Countless sums of money are spent on marketing to guide customers through the virtual front door, to help them find what they are looking for or even to give purchase recommendations. But when it comes to getting paid, so little is done to make it easy for the customer.
By Stripe ANZ Head of Growth Hayley Hopwood.
Stripe ANZ Head of Growth Hayley Hopwood.
We all felt this desperate feeling when we tried to buy something online. You have finally found the item you were looking for and there is only one left in stock. Then you come to the checkout. The form skips around on the page, doesn't fit on your screen, and requires you to scroll through the five year options for your card's expiration date. One wonders whether it's really worth it.
With eight out of ten lost sales in Australia failing on the checkout side, businesses need to see improving checkout quality as a key lever in protecting revenue.
Checkout form design
Australian consumers expect a fast, intuitive and mobile-optimized payment experience, with a third (35%) saying they would abandon a purchase if the payment took more than two minutes. Dealers fail this two-minute test. Just under half (47%) of consumers say that it takes them an average of more than three minutes to complete a purchase. As a result, a quarter (25%) of online shoppers abandoned a purchase in the past year due to a long checkout process.
If your business sells online, you go through the checkout process yourself to share the experience with your customers and find time to watch others go through as they can interact with your checkout in different ways. Also check out other people's registers and you'll find that the little details, like automatically displaying the correct card logo when someone starts entering their number, can make a huge difference to the overall experience.
Mobile device optimization has been talked about for so long that I wouldn't blame you for rolling your eyes at this subheading. But customer expectations are still not being met. While smartphones account for more than 50% of e-commerce traffic, shopping carts are abandoned more than twice as quickly on mobile devices as they are on desktop computers.
Even today, 13 years after the introduction of the iPhone, we see registers that do not automatically adjust to the size of the customer's device. While it's true that mistakes like not adjusting to screen size are becoming increasingly rare, we still see that 13% of websites in Australia don't offer number keys for entering card numbers, and very few websites offer digital wallets like Apple Pay or Google Pay that allow for a convenient one-click payment experience.
How important it is to be local
If mobile optimization feels like an old, unsolved problem, local optimization is much older and far from a solution.
Too many Australian registers are built on the false assumption that consumers in other markets will follow the same payment habits as they do in the company's home market. Indeed, Australia has a deeply fragmented and idiosyncratic web of payment cultures and preferences.

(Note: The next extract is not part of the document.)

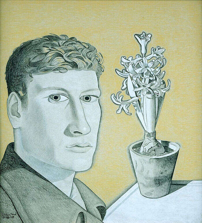 《自画像与风信子》(Self portrait with Hyacinth Pot),卢西安·弗洛伊德,1947年©Bridgeman Images
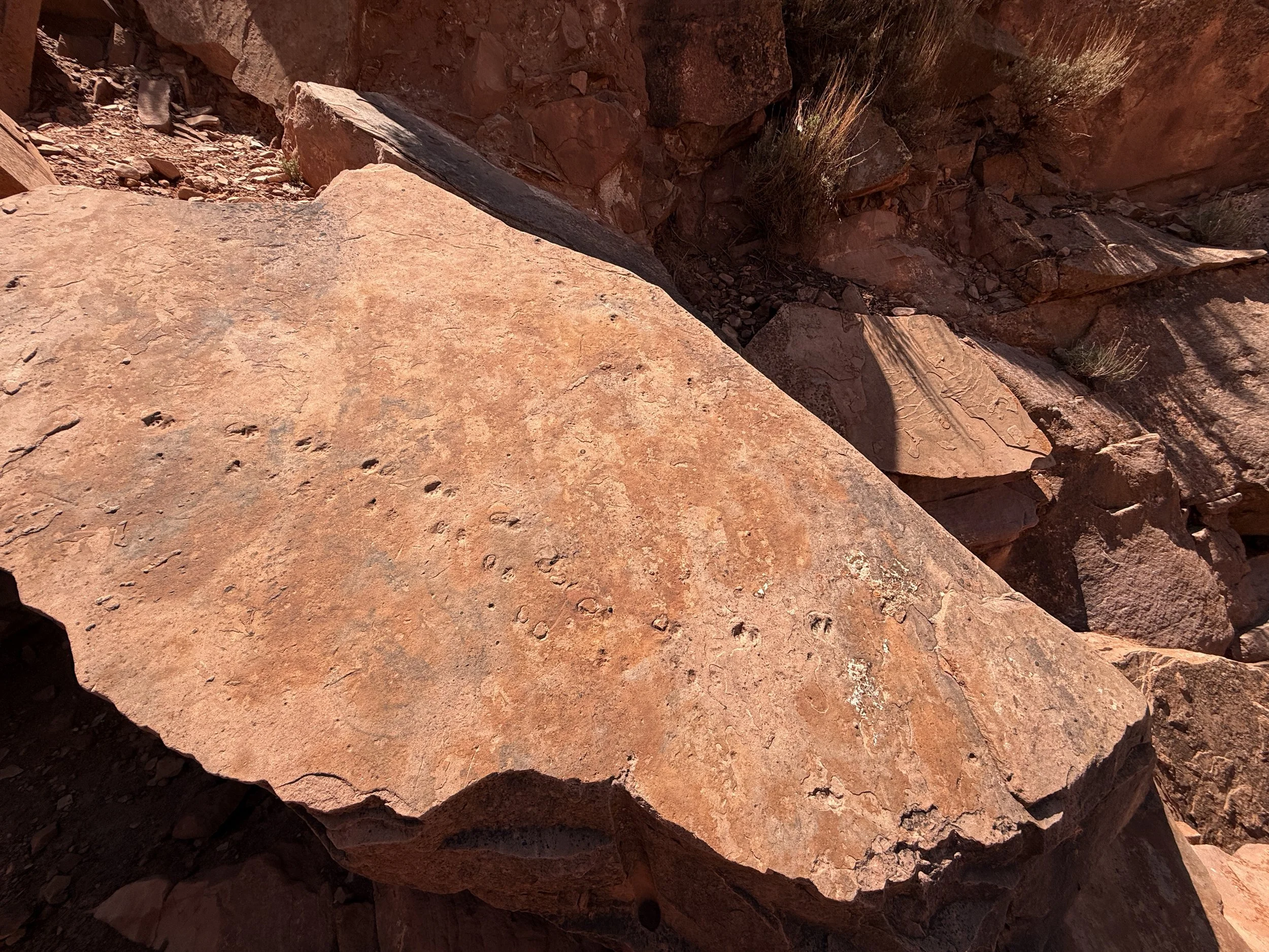 So I’ve been told, these markings on this rock are fossilized lizard footprints, which can be seen directly along the South Kaibab Trail, about 0.25 miles (0.4 km) above Cedar Ridge.

19% of Australian consumers abandoned a purchase in the past year because their preferred payment method was not available. Interestingly, the solution is about offering the right combination of payment options rather than increasing the number of payment methods.
Offering the right local payment options will help increase sales. A separate Stripe study found that companies saw a 27% increase in sales when they offered Afterpay. Likewise, the offering of Alipay, a popular payment method in China, has doubled business revenue for Chinese consumers.
Don't leave any receipts on the table
Our research has explored many of the most visited websites across Australia that you can't expect basic errors to occur in such a multitude. But when it comes to checkout design, we see more and more David beating Goliath.
Ironically, that's because great checkout design comes from the size. You want to look at many transactions to model which small iterations can have some impact on the conversion. The Goliaths of the Internet rely on in-house teams to take advantage of their own custom size, but smaller websites that use SaaS-based checkouts take advantage of the vast expertise of outside software vendors and the combined size of millions of websites.
About Hayley Hopwood
Hayley Hopwood is Head of Growth at Stripe ANZ. Prior to joining Stripe in 2019, Hayley held positions at Travelex, Western Union, PayPal and Australia Post. She has been in the finance and technology sector for more than 20 years and is passionate about leveraging new technology and navigating teams through the ever-changing landscape. Hayley was recognized as one of the leading female executives at the Women in Payments Symposium 2020.
Stripe is a technology company building an economical infrastructure for the Internet. Businesses of all sizes use Stripe software to accept online payments and conduct sophisticated financial transactions in more than 100 countries. Stripe helps new businesses get started and grow their sales, and established businesses accelerate into new markets and introduce new business models. Stripe aims to increase the GDP of the internet.